§ Exercise requirements: Below is a listing with pictures. Repeat exactly the lines starting at the one holding "赛妮、尚月花和马日妍演唱歌曲《小酒窝》" and going on through the one holding "Small apartment with", and leave every picture out.

§ Working data:

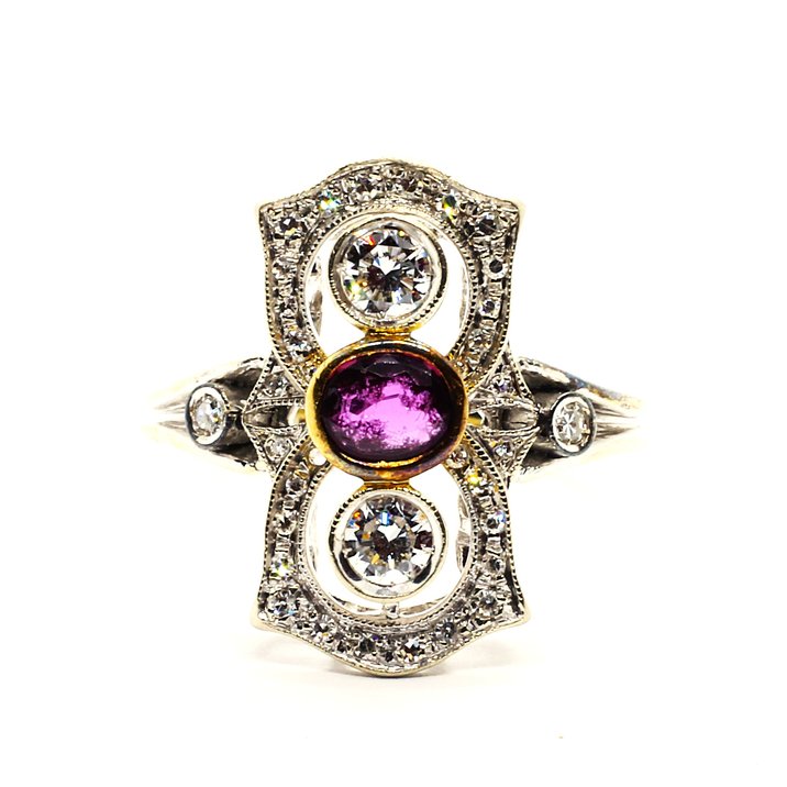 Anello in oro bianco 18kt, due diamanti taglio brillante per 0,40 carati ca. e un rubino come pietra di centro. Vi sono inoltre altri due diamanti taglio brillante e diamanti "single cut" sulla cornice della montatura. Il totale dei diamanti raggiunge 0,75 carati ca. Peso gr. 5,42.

...

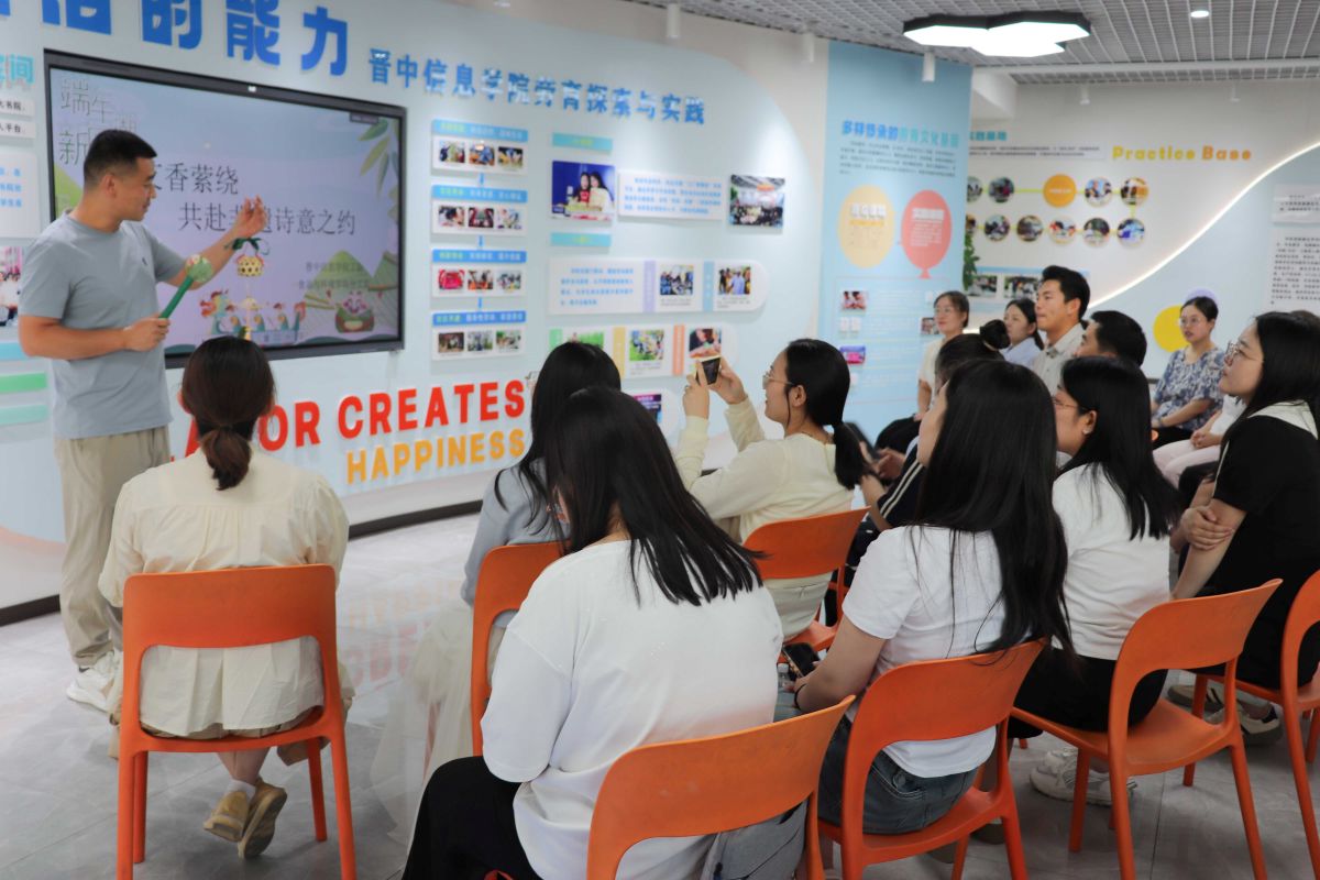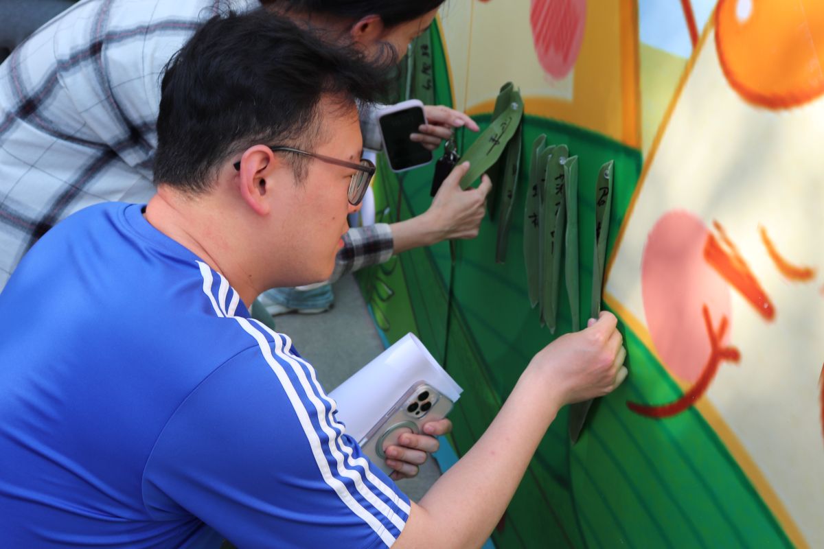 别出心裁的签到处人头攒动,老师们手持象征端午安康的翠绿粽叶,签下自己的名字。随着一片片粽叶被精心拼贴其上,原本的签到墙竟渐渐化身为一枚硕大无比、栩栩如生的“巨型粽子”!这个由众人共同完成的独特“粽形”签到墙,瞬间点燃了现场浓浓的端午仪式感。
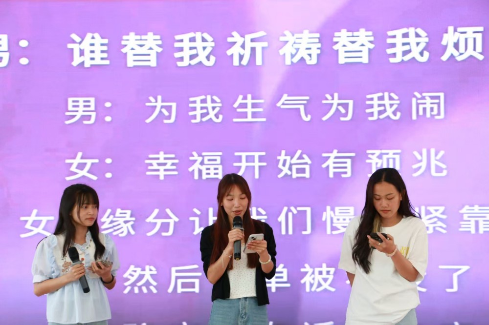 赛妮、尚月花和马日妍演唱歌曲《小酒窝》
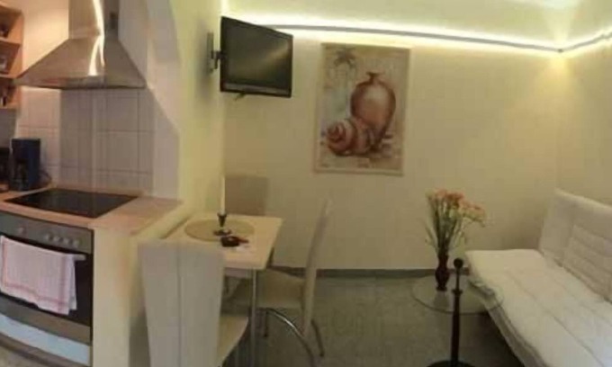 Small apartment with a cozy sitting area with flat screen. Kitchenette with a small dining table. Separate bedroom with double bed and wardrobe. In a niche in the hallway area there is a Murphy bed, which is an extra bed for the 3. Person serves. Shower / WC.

---

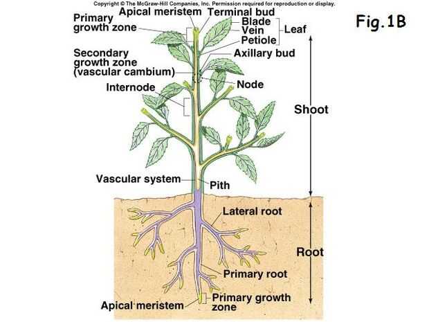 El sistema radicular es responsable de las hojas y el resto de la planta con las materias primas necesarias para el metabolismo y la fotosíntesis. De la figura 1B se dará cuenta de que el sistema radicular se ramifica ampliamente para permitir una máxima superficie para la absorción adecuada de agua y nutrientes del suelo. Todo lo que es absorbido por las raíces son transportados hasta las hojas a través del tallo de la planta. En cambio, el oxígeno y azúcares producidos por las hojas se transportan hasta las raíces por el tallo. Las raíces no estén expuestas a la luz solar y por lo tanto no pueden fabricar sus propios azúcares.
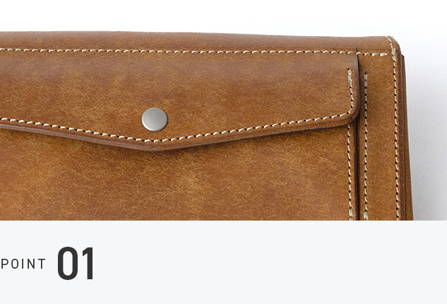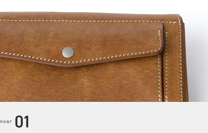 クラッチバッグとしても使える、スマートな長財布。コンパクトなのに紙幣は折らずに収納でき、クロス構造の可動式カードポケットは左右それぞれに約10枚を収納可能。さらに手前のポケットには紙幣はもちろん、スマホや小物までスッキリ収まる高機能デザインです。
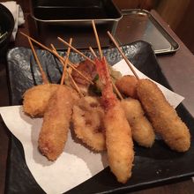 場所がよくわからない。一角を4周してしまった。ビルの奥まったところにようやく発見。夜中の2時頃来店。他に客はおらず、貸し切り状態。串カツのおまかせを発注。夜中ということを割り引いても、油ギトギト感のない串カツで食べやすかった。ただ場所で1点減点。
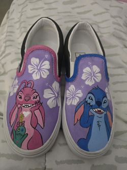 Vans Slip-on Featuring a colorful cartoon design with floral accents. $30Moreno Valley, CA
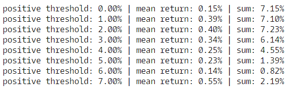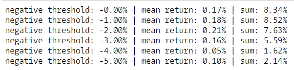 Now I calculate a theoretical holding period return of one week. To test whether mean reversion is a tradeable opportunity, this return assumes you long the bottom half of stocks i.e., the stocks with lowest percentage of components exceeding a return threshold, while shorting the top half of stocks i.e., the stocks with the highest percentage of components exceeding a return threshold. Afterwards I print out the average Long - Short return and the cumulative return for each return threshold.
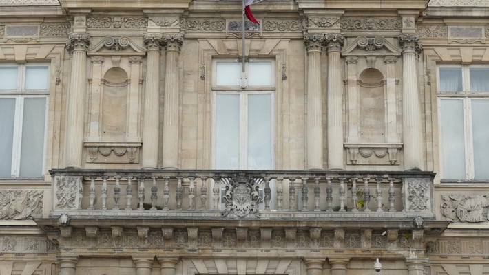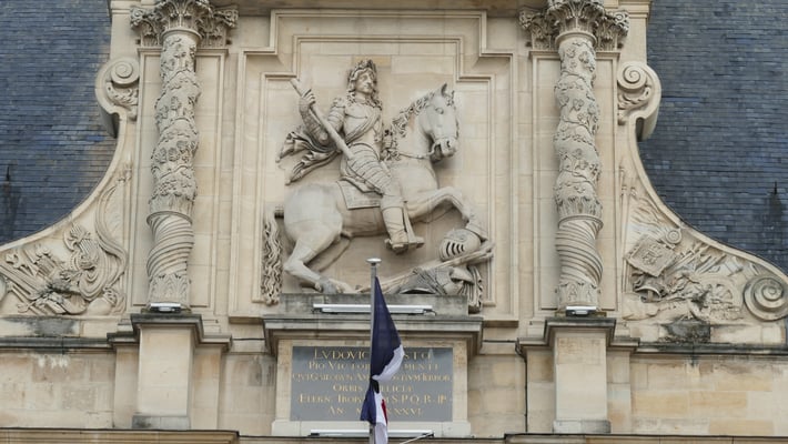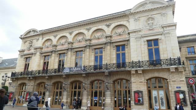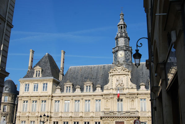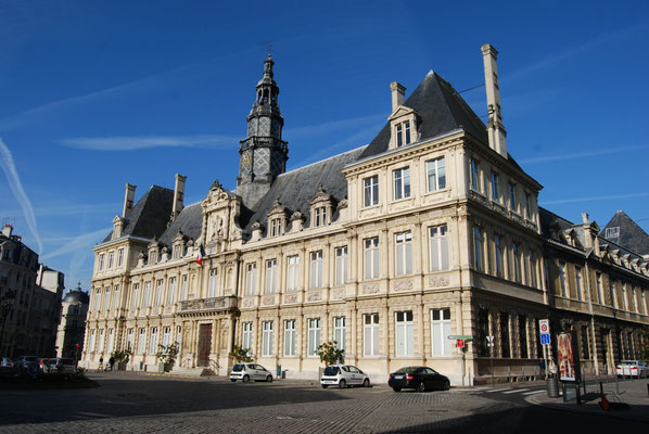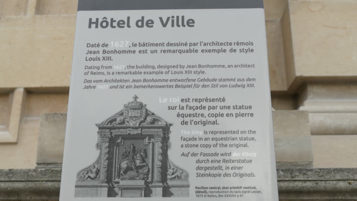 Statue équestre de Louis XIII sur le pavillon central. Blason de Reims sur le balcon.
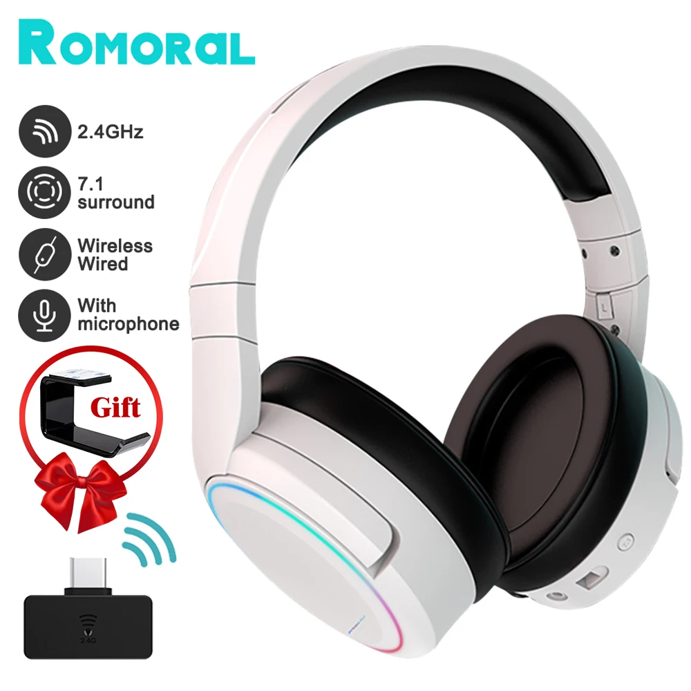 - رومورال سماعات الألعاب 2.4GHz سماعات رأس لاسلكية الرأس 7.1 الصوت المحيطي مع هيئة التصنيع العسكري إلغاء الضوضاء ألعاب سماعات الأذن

§ Result:
 赛妮、尚月花和马日妍演唱歌曲《小酒窝》
 Small apartment with a cozy sitting area with flat screen. Kitchenette with a small dining table. Separate bedroom with double bed and wardrobe. In a niche in the hallway area there is a Murphy bed, which is an extra bed for the 3. Person serves. Shower / WC.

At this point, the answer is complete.